4.1. Seismic Strengthening

4.1.1. Reinforcement of Horizontal Joints of Masonry Walls

The procedure begins with the removal of the existing plaster from the joints to a depth of one-third of the wall’s width (Figure 5). Before removing the plaster from the joints, the wall must be stabilized and secured. After cleaning and washing the joints, a new mortar, extension, or cement is applied.

The reinforcement of masonry walls in joints is carried out with horizontal reinforcement, whereby the amount of reinforcement must be at least 2 Ø 6 mm for every 20 cm of wall height (Figure 6). This method is used to connect damaged parts of the wall, increase the bearing capacity, and additionally secure the masonry structures.
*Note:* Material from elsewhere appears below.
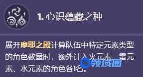 展开摩耶之殿计算队伍中特定元素类型的角色数量时,额外计入火元素、雷元素、水元素的角色各1名。

Due to the good adhesion of the ribbed reinforcing bars and the mortar, whereby the reinforcement takes over the tensile stresses, the load-bearing capacity of the wall during shear increases.

The reinforcing bars are placed in the horizontal joints after applying the first layer of plaster, which is up to 2 cm thick. Care is taken to leave enough space (minimum 1.5 cm) for using the second layer of plaster. After the completion of this phase, the seismic strengthening of the masonry structure, it is possible to continue with the next one, which involves installing the thermal envelope and replacing the existing joinery.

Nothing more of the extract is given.